Whatever PixelFormat format I choose, the saved PNG image does not look correct.

Original PNG IMAGE (Bit Depth-32):

enter image description here

Result of PixelFormat = Format24bppRgb

enter image description here

1
There is a number of options how the stream bits may be formatted, so a generic solution might well be beyond the scope of a stack overflow answer. How about looking into the code of an open source PDF library with an appropriate license which already has implemented an image export function, for inspiration? - mkl
@mkl: Could you suggest an open source library which can reliably extract images from a PDF. The library by Bit Miracle worked reliably for me but it's not open source. - skm
Your question is not about iText, I removed the tag. - Amedee Van Gasse
I don't do large scale image extraction, so I cannot talk about reliability. Furthermore, reliability might be a question of the types of images coming along: PDF allows many variations in the images...Furthermore be aware that depending on how exactly you let yourself be inspired, there might be consequences license-wise: If you simply copy non-trivial code, you may well become subject to the license of the source library you copy from. - mkl
@mkl: I understand that I cannot simply copy-paste the non-trivial code :) I just need some inspiration code to extract the images.
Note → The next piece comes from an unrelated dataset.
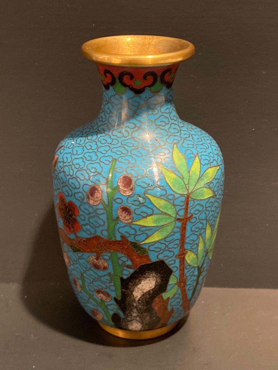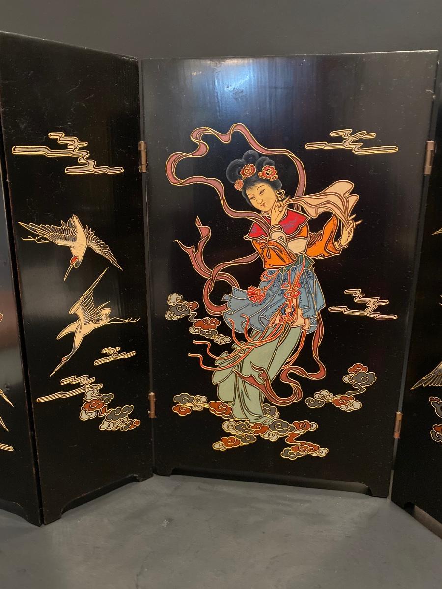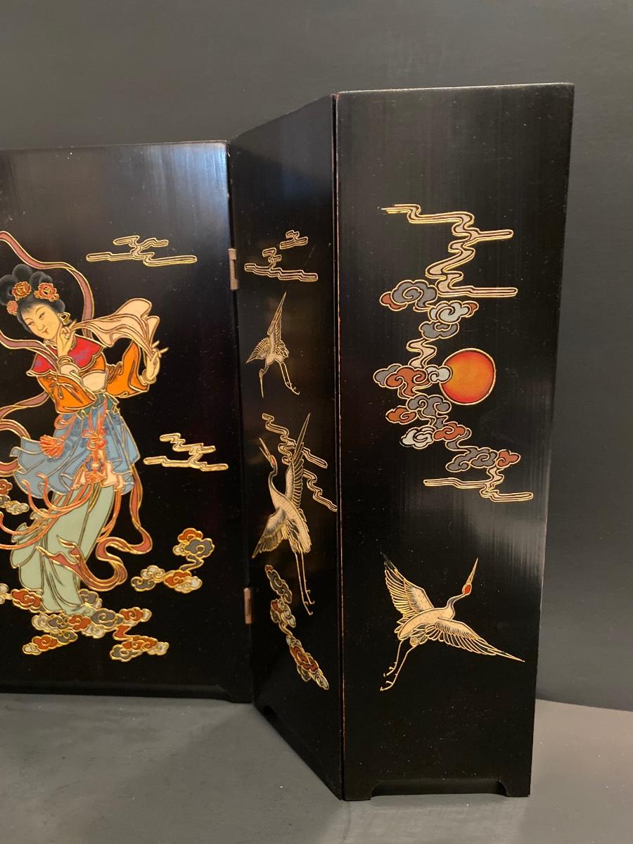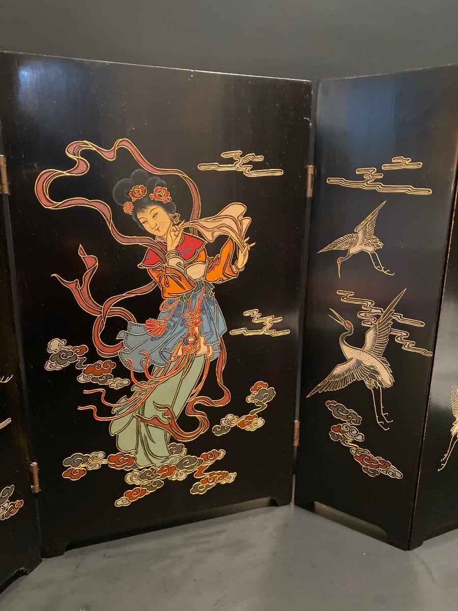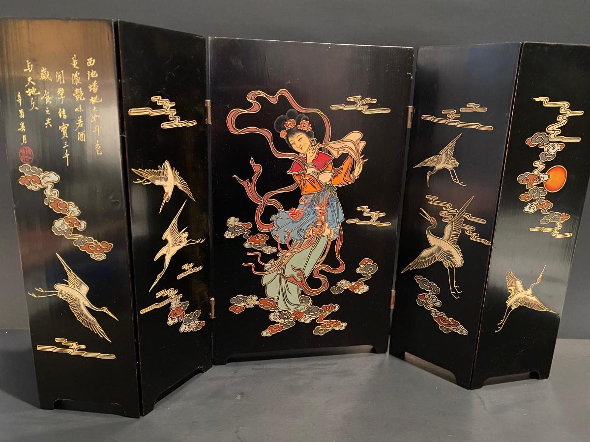 LOT 13: Asian Themed Decor: Folding Screen (12"), Blue Enamel/Brass Vase & Gold/Black Vase

I do not need other functionalities offered by the paid libraries. - skm

1 Answers

0
votes

You can get the pixelformat from the PDF file. Since you did not include the PDF in your post, I cannot tell you which format would be correct.

PDF files do not contain PNG images, instead images use a special PDF image format which is somewhat similar to the BMP files used by Windows, but without any headers in the binary data. Instead the "header" information can be found with the properties of the Image object. See the PDF Reference for further details.